President Joe Biden fired the commissioner of Social Security Friday after the official refused to resign.
Commissioner Andrew Saul had been asked to resign and was fired after he refused Biden’s request, an anonymous White House official told The Associated Press.
Deputy Commissioner David Black had agreed to resign from his post following a similar request.
Both Saul and Black had been appointed by President Donald Trump.
As the head of the independent agency, Saul’s six-year term was not scheduled to end until January 2025, The Washington Post reported.
“I consider myself the term-protected commissioner of Social Security,” Saul said during an interview Friday afternoon.
“This was the first I or my deputy knew this was coming. It was a bolt of lightning no one expected.
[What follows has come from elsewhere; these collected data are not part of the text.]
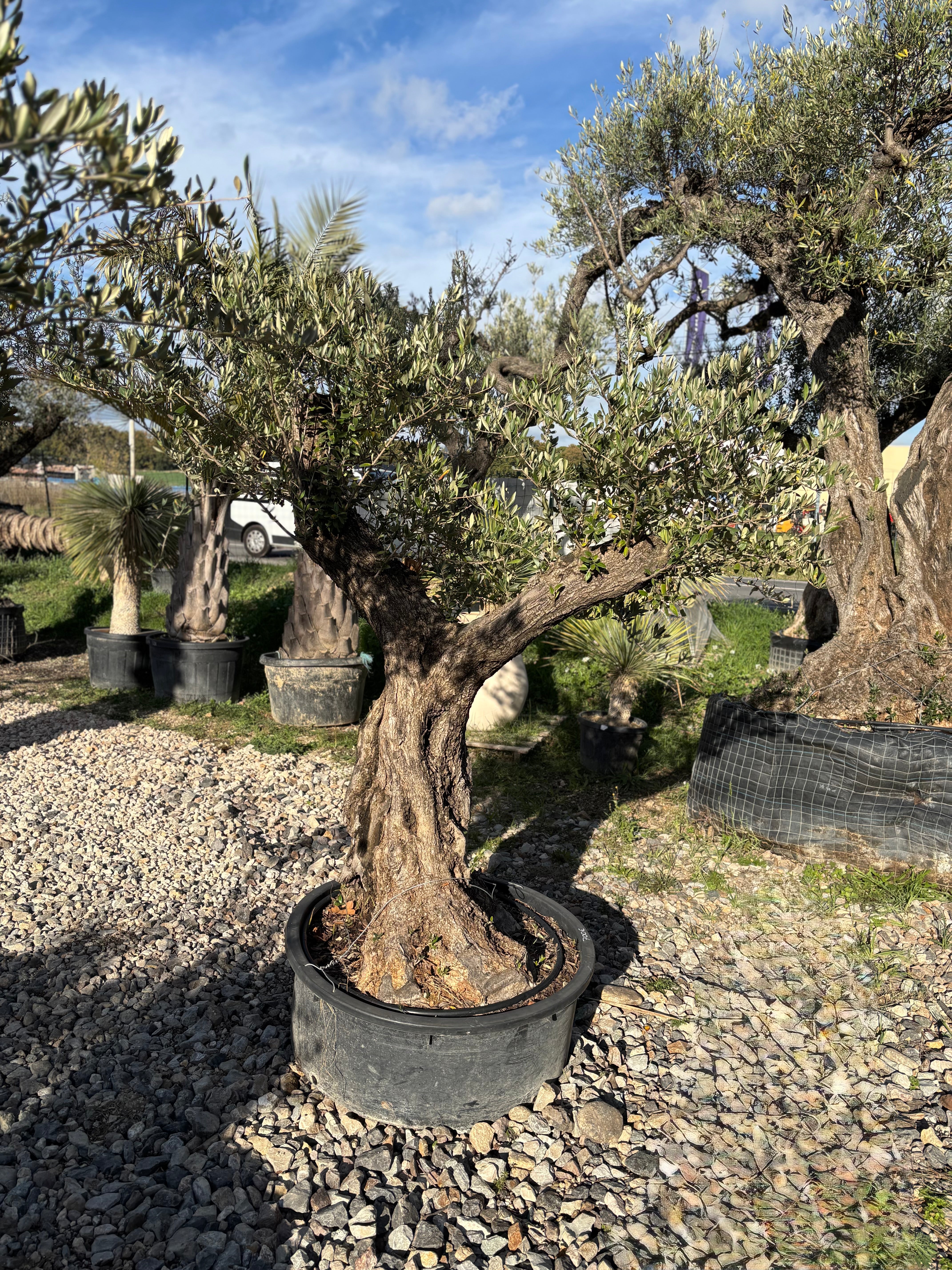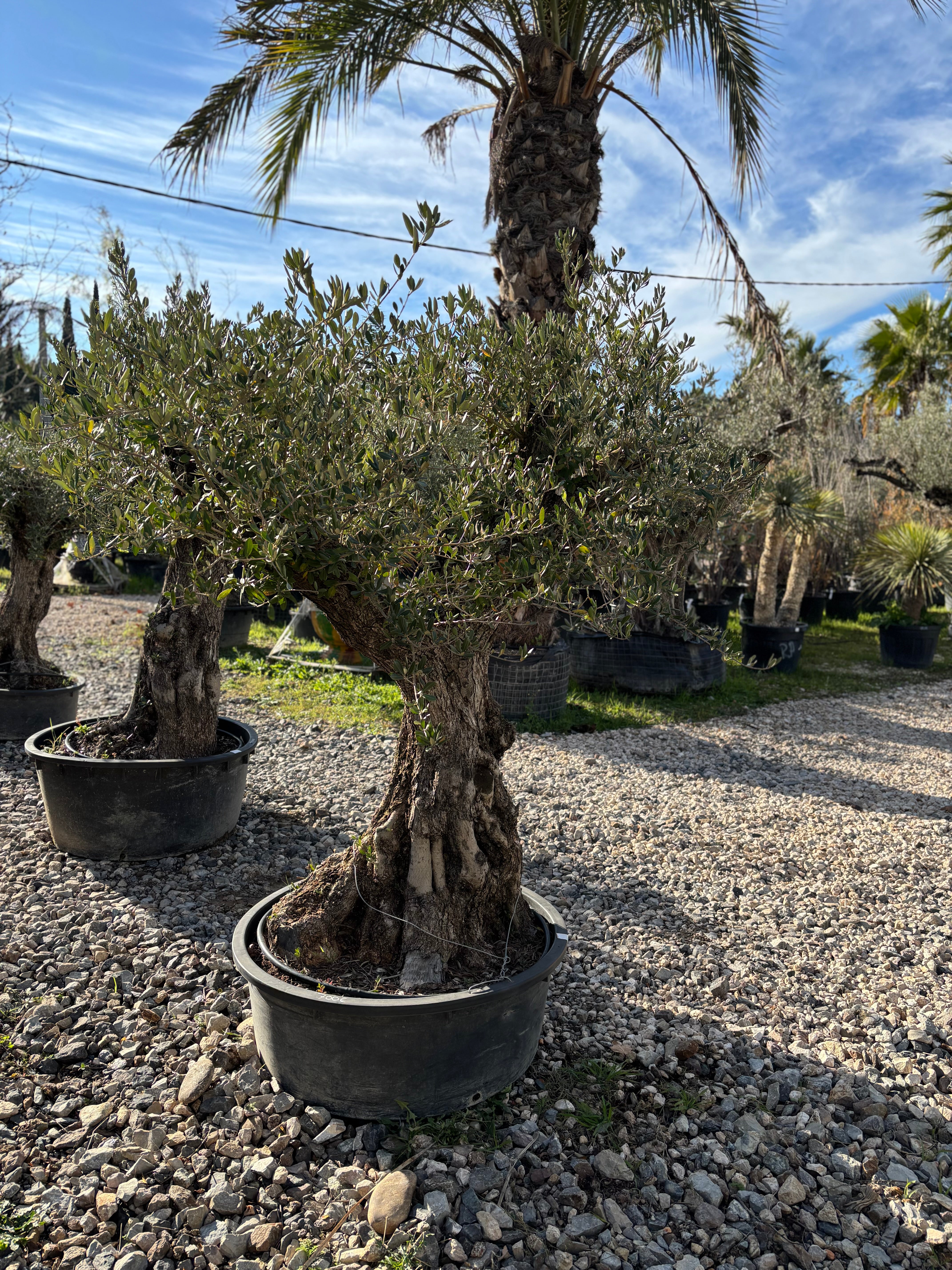 Découvrez nos oliviers centenaires, sélectionnés pour leur tronc ancien au caractère unique, large et naturellement sculpté par le temps. Chaque sujet est une véritable pièce vivante, avec une structure harmonieuse, des courbes naturelles et une présence visuelle exceptionnelle.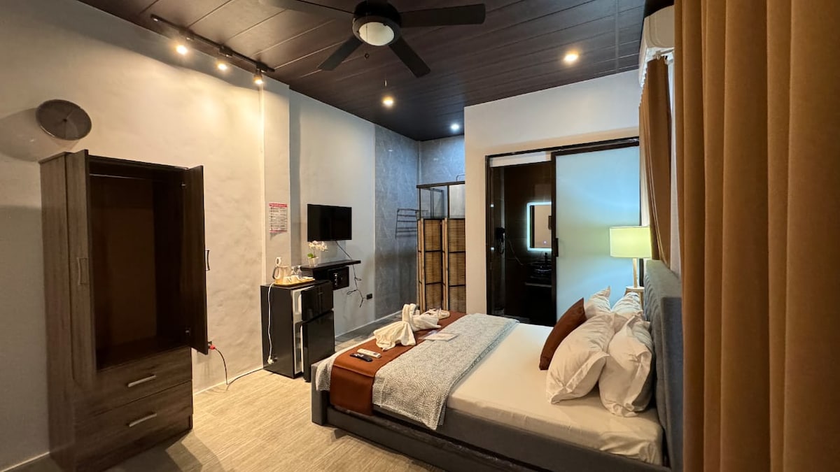 Staycation at Patar White Sand Beach -Fully air conditioned room -Bunk bed w/ extra floor mattress -with wall fan -mini sofa -whole body mirror -Indoor bathroom -Own kitchen -Dining & kitchen utensils -free use double burner gas stove -Dining table and chairs -Strong wifi connection -mini-karaoke -Refrigerator -Free parking -Overlooking & Griller area at Rooftop (Located on the Second floor with 15steps) -may not be accessible for young children ,seniors or people w/ disability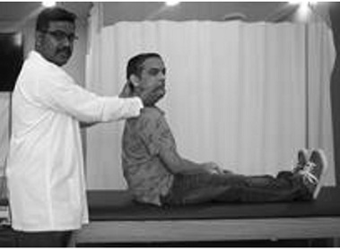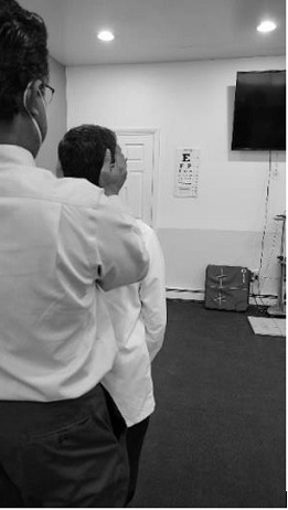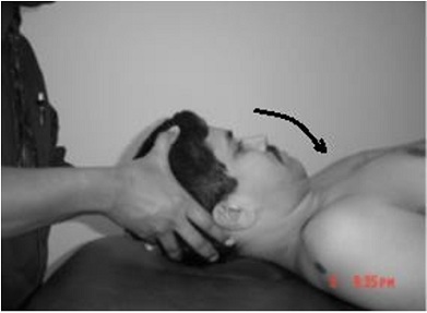 This test was done to differentiate the cause of the dizziness originating from a vestibular versus a cervicogenic source. For a cervicogenic source, the head was stabilized by the clinician and patients trunk was rotated. For a vestibular source, the head and trunk were rotated together (figure 11). Provocation of dizziness was noted. There was provocation of dizziness on combined head and trunk rotation.

And right now it’s left the agency in complete turmoil.”
Kilolo Kijakazi, the deputy commissioner for retirement and stability policy, has been tapped to be acting commissioner while the Biden administration searches for permanent replacements for Saul and Black.
The White House pointed to a recent Supreme Court ruling that the president had the authority “to remove the SSA Commissioner at will” and said Biden was within legal right to oust Saul.
Saul had clashed with advocates for the elderly and the disabled, labor unions and Democrats on Capitol Hill during the first six months of the Biden administration.
“Since taking office, Commissioner Saul has undermined and politicized Social Security disability benefits, terminated the agency’s telework policy that was utilized by up to 25 percent of the agency’s workforce, not repaired SSA’s relationships with relevant Federal employee unions including in the context of COVID-19 workplace safety planning, reduced due process protections for benefits appeals hearings, and taken other actions that run contrary to the mission of the agency and the President’s policy agenda,” a White House official said in a statement.
Republican lawmakers were quick to accuse Biden of politicizing the Social Security agency, adding that Saul was confirmed by a bipartisan Senate vote in 2019, according to the AP.
Saul was confirmed by a Senate vote of 77-16.
“This removal would be an unprecedented and dangerous politicization of the Social Security Administration,” Senate Republican Leader Mitch McConnell tweeted prior to Saul’s firing.
— Leader McConnell (@LeaderMcConnell) July 9, 2021
“It is disappointing that the Administration is injecting politics into the agency, given that Commissioner Saul was confirmed with bipartisan approval, worked closely with both parties in Congress, and provided smooth benefit and service delivery during the largest management challenge ever faced by the agency,” the ranking members said.
“We are concerned that this politicization of the Social Security Administration is just the beginning of efforts to raise payroll taxes and seriously undermines bipartisan efforts to save Social Security for future retirees.”